● **WHAT THIS TASK INVOLVES**: Please output the following records exactly. Leave every image out.

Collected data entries

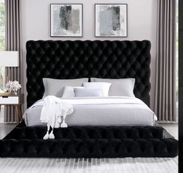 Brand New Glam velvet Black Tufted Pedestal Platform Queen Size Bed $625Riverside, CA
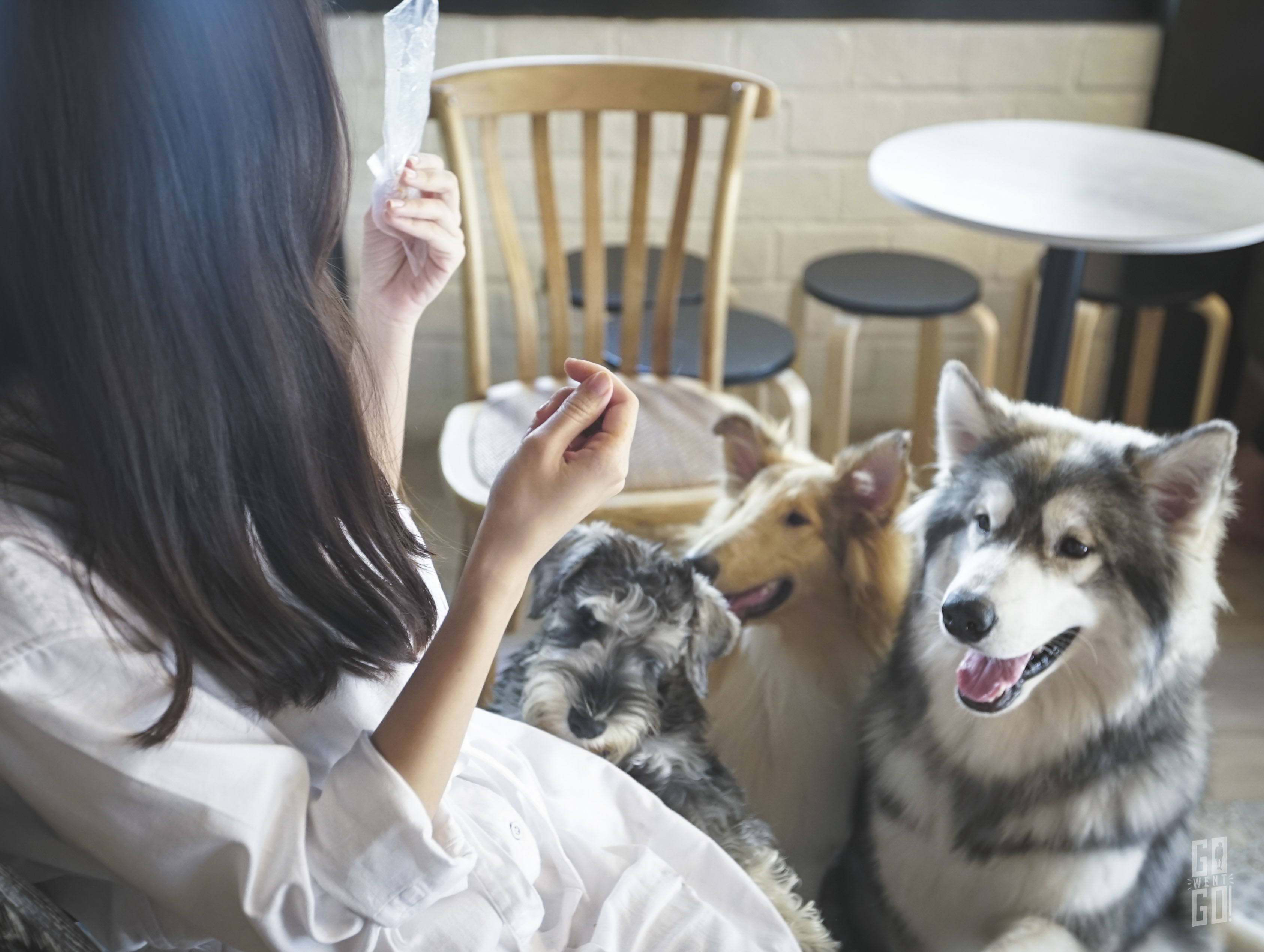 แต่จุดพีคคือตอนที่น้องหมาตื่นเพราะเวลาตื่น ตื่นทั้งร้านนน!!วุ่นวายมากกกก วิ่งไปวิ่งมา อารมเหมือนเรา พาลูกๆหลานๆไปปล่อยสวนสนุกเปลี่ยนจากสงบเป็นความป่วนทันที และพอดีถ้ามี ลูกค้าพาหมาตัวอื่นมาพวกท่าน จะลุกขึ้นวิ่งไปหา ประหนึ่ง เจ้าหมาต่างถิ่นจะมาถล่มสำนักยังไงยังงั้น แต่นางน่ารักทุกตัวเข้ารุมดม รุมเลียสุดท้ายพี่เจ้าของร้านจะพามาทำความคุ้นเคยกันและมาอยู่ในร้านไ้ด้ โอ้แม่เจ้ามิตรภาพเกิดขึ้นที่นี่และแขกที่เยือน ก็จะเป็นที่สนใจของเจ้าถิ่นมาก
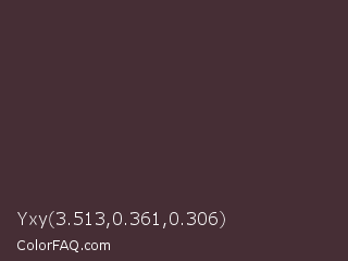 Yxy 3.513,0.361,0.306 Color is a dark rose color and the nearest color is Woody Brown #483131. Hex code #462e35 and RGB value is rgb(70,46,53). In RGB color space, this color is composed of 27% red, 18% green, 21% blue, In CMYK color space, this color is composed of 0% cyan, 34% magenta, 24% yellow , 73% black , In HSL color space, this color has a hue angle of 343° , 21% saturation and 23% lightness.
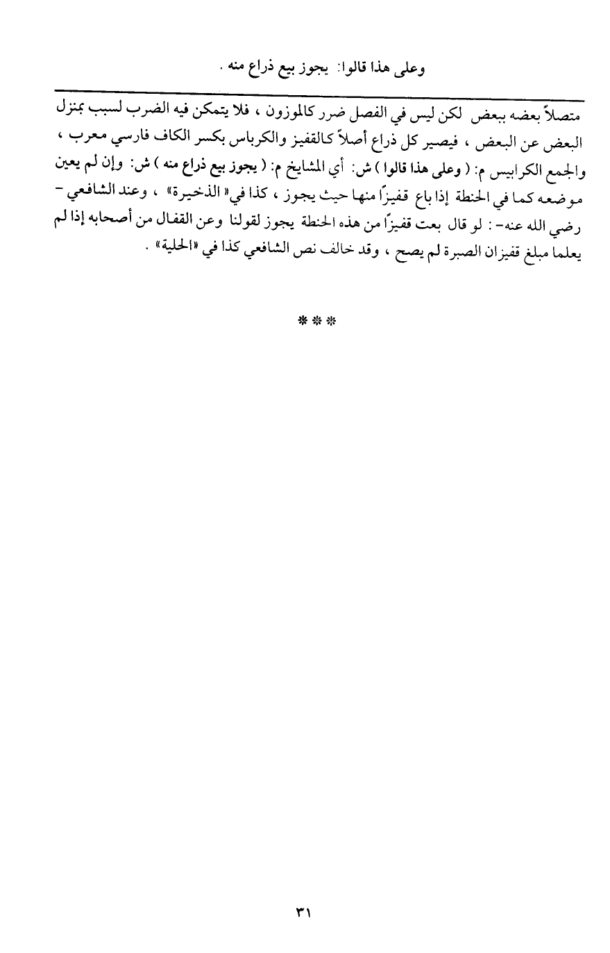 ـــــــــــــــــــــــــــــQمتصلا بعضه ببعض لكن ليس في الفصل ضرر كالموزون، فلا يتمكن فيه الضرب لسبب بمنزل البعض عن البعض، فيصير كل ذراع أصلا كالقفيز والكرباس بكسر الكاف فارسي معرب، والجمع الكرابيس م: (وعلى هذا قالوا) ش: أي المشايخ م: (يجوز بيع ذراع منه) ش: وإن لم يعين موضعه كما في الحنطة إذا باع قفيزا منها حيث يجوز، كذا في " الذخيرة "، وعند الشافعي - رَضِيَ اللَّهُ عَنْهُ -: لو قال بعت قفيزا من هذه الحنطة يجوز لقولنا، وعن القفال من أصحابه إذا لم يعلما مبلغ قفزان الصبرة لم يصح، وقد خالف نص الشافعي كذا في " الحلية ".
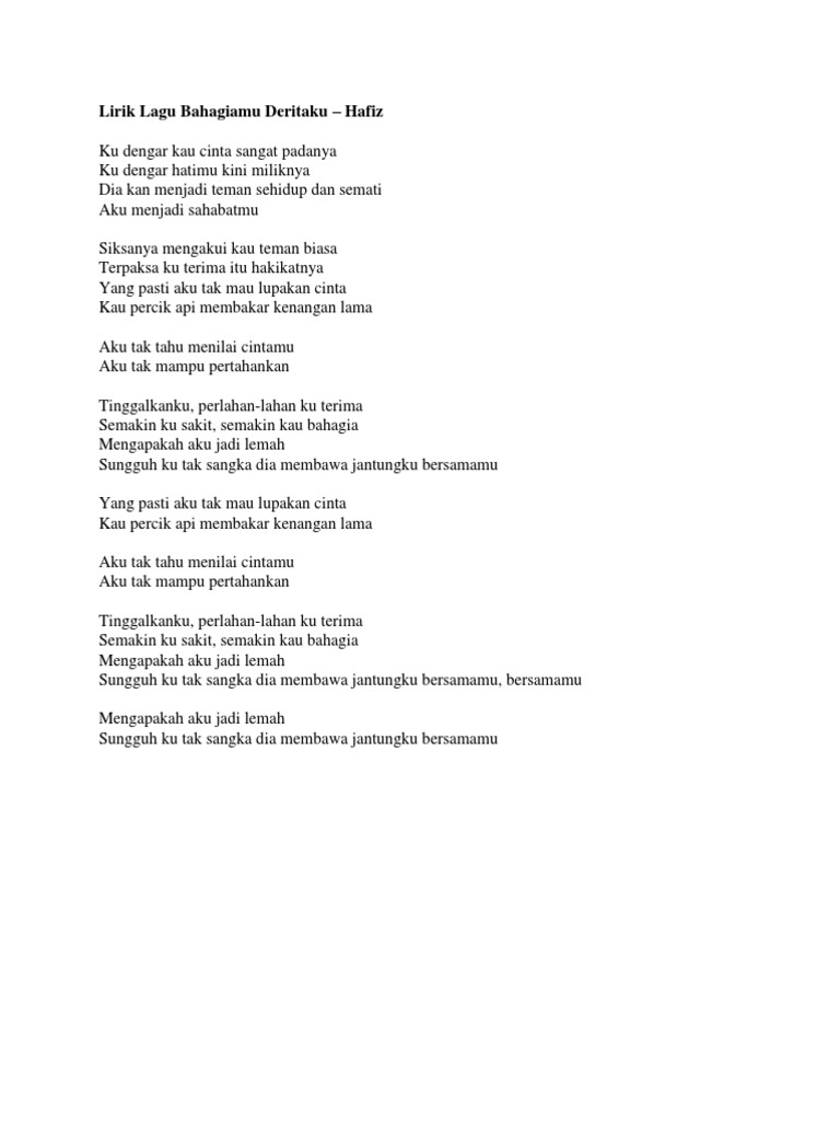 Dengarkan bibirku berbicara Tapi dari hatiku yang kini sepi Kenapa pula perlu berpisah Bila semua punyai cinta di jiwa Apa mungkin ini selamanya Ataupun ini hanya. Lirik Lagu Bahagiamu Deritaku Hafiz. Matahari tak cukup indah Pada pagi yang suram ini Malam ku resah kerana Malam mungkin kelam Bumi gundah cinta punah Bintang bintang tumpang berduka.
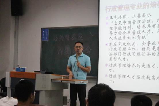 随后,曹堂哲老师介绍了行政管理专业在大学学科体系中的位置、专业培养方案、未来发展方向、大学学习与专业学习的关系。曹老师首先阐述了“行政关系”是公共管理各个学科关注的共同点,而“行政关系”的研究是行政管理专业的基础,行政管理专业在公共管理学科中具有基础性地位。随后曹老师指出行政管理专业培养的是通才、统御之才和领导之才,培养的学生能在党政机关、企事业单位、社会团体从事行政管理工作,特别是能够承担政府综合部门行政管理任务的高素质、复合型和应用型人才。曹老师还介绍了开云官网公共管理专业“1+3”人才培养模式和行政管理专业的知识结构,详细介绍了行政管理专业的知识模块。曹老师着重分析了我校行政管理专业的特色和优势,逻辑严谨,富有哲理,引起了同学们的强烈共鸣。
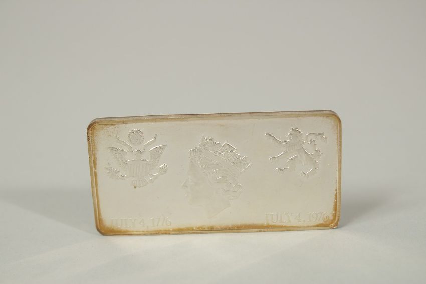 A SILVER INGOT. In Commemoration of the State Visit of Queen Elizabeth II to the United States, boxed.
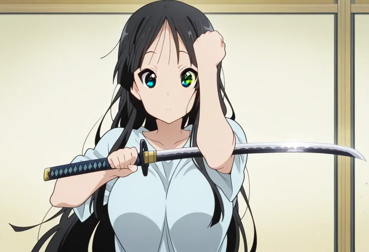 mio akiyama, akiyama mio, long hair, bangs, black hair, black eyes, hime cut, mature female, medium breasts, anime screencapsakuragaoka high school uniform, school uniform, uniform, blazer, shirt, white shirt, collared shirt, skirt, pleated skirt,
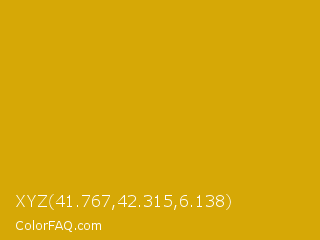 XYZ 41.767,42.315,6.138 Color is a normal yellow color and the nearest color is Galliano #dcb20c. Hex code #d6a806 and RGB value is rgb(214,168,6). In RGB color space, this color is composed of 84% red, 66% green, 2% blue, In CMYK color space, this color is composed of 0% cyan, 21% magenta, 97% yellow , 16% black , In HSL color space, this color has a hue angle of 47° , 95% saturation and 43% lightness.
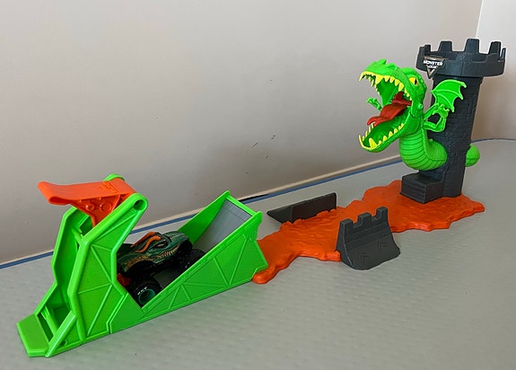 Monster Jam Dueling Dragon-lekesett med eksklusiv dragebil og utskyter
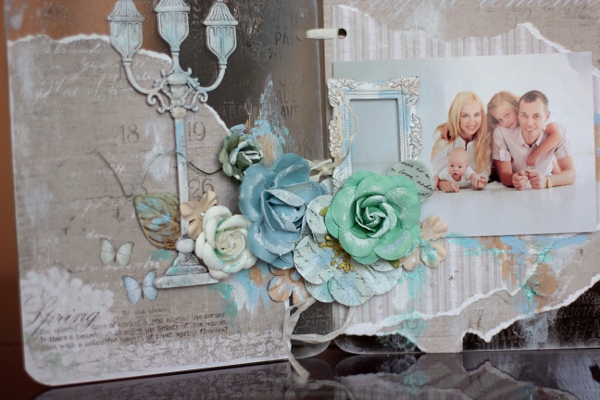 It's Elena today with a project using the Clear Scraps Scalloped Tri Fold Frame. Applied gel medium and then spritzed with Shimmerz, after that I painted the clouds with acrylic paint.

● **RESULT OF THIS EXERCISE**:
 Brand New Glam velvet Black Tufted Pedestal Platform Queen Size Bed $625Riverside, CA
 แต่จุดพีคคือตอนที่น้องหมาตื่นเพราะเวลาตื่น ตื่นทั้งร้านนน!!วุ่นวายมากกกก วิ่งไปวิ่งมา อารมเหมือนเรา พาลูกๆหลานๆไปปล่อยสวนสนุกเปลี่ยนจากสงบเป็นความป่วนทันที และพอดีถ้ามี ลูกค้าพาหมาตัวอื่นมาพวกท่าน จะลุกขึ้นวิ่งไปหา ประหนึ่ง เจ้าหมาต่างถิ่นจะมาถล่มสำนักยังไงยังงั้น แต่นางน่ารักทุกตัวเข้ารุมดม รุมเลียสุดท้ายพี่เจ้าของร้านจะพามาทำความคุ้นเคยกันและมาอยู่ในร้านไ้ด้ โอ้แม่เจ้ามิตรภาพเกิดขึ้นที่นี่และแขกที่เยือน ก็จะเป็นที่สนใจของเจ้าถิ่นมาก
 Yxy 3.513,0.361,0.306 Color is a dark rose color and the nearest color is Woody Brown #483131. Hex code #462e35 and RGB value is rgb(70,46,53). In RGB color space, this color is composed of 27% red, 18% green, 21% blue, In CMYK color space, this color is composed of 0% cyan, 34% magenta, 24% yellow , 73% black , In HSL color space, this color has a hue angle of 343° , 21% saturation and 23% lightness.
 ـــــــــــــــــــــــــــــQمتصلا بعضه ببعض لكن ليس في الفصل ضرر كالموزون، فلا يتمكن فيه الضرب لسبب بمنزل البعض عن البعض، فيصير كل ذراع أصلا كالقفيز والكرباس بكسر الكاف فارسي معرب، والجمع الكرابيس م: (وعلى هذا قالوا) ش: أي المشايخ م: (يجوز بيع ذراع منه) ش: وإن لم يعين موضعه كما في الحنطة إذا باع قفيزا منها حيث يجوز، كذا في " الذخيرة "، وعند الشافعي - رَضِيَ اللَّهُ عَنْهُ -: لو قال بعت قفيزا من هذه الحنطة يجوز لقولنا، وعن القفال من أصحابه إذا لم يعلما مبلغ قفزان الصبرة لم يصح، وقد خالف نص الشافعي كذا في " الحلية ".
 Dengarkan bibirku berbicara Tapi dari hatiku yang kini sepi Kenapa pula perlu berpisah Bila semua punyai cinta di jiwa Apa mungkin ini selamanya Ataupun ini hanya. Lirik Lagu Bahagiamu Deritaku Hafiz. Matahari tak cukup indah Pada pagi yang suram ini Malam ku resah kerana Malam mungkin kelam Bumi gundah cinta punah Bintang bintang tumpang berduka.
 随后,曹堂哲老师介绍了行政管理专业在大学学科体系中的位置、专业培养方案、未来发展方向、大学学习与专业学习的关系。曹老师首先阐述了“行政关系”是公共管理各个学科关注的共同点,而“行政关系”的研究是行政管理专业的基础,行政管理专业在公共管理学科中具有基础性地位。随后曹老师指出行政管理专业培养的是通才、统御之才和领导之才,培养的学生能在党政机关、企事业单位、社会团体从事行政管理工作,特别是能够承担政府综合部门行政管理任务的高素质、复合型和应用型人才。曹老师还介绍了开云官网公共管理专业“1+3”人才培养模式和行政管理专业的知识结构,详细介绍了行政管理专业的知识模块。曹老师着重分析了我校行政管理专业的特色和优势,逻辑严谨,富有哲理,引起了同学们的强烈共鸣。
 A SILVER INGOT. In Commemoration of the State Visit of Queen Elizabeth II to the United States, boxed.
 mio akiyama, akiyama mio, long hair, bangs, black hair, black eyes, hime cut, mature female, medium breasts, anime screencapsakuragaoka high school uniform, school uniform, uniform, blazer, shirt, white shirt, collared shirt, skirt, pleated skirt,
 XYZ 41.767,42.315,6.138 Color is a normal yellow color and the nearest color is Galliano #dcb20c. Hex code #d6a806 and RGB value is rgb(214,168,6). In RGB color space, this color is composed of 84% red, 66% green, 2% blue, In CMYK color space, this color is composed of 0% cyan, 21% magenta, 97% yellow , 16% black , In HSL color space, this color has a hue angle of 47° , 95% saturation and 43% lightness.
 Monster Jam Dueling Dragon-lekesett med eksklusiv dragebil og utskyter
 It's Elena today with a project using the Clear Scraps Scalloped Tri Fold Frame. Applied gel medium and then spritzed with Shimmerz, after that I painted the clouds with acrylic paint.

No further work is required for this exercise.